Not sure if I understand the graph approach. Do you mean somethingike a "Markov Chain" where redundancy leads to a lower probably of failure? Yes the metrics are an issue. If someone claims that nostr is a decentralized identity layer, I would strongly agree because it gives anyone with entropy an identity. However, I might disagree with claims that it's a decentralized transport layer because we rely heavily on ICANN and IANA to exchange notes.

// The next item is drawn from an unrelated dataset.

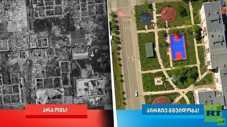 ويظهر الفيديو في الجزء الأيسر لقطات بالأبيض والأسود للدمار في أوكرانيا مصحوبة بشعار “لا للحرب”، بينما يعرض الجزء الأيمن لقطات ملونة لمعالم سياحية جورجية مع شعار “اختر السلام”.
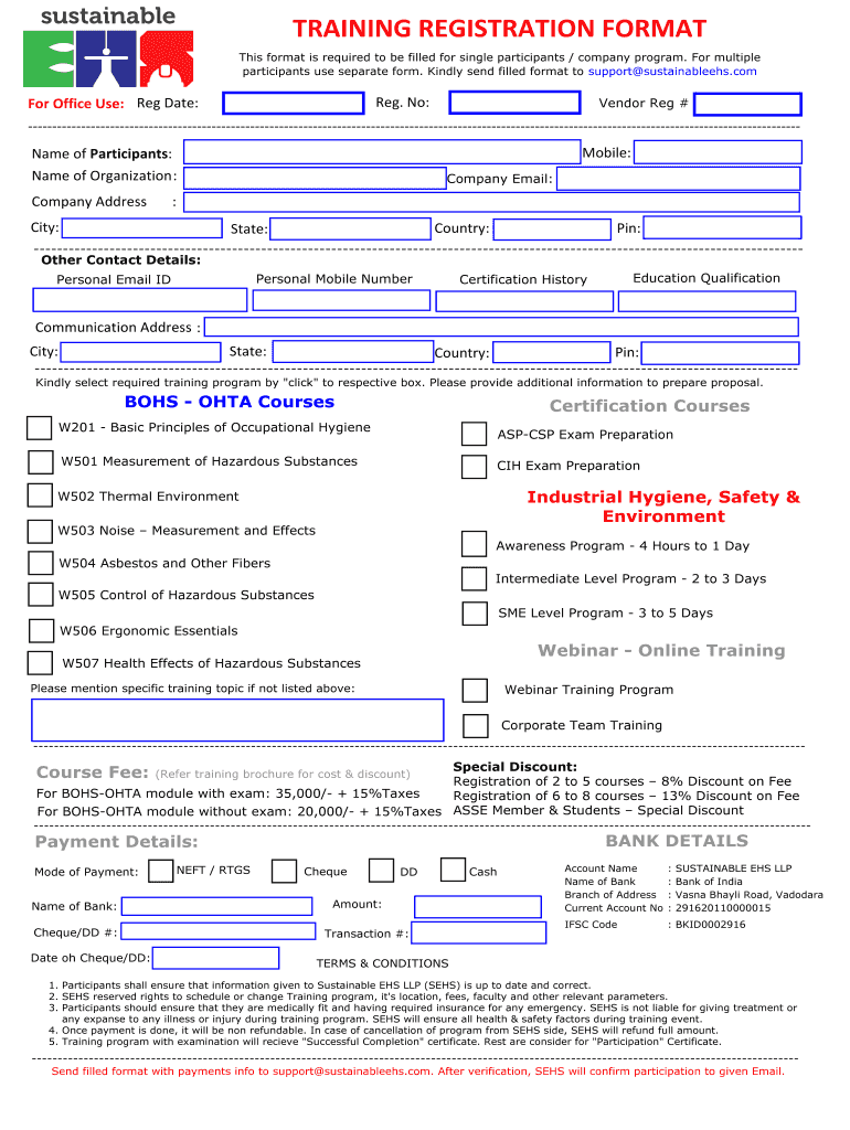 participants use separate form. Kindly send filled format to support×sustainable.come.

long answer: Complexity: A Guided Tour - Book by Melanie Mitchell short answer - look up scale free networks micro answer - yes, one of the properties of decentralization is how it reacts to failure. Nostr is not a transport layer, for example I'm working on using Nostr over Reticulum/ LoRA which is a different transport layer yet using the same Nostr protocol. I believe a good question about Nostr decentralization is not about decentralization of TCP/IP, even though it inherits its properties if you use it through this protocol. The good question is how resilient the network is against attacks on relays, but you always need to have a dynamic look at things - what will the network do after the attack is as good of a question as what happens immediately after a successful attack.

Glad to hear that your working on LoRa for nostr. After struggling to add value to nutband I shifted my attention to OpenWRT and WiFi captive portals that accept Bitcoin. I think nostr relays are the perfect glue for various transport solutoons interfaces like LoRa, TCP/IP or ham radio.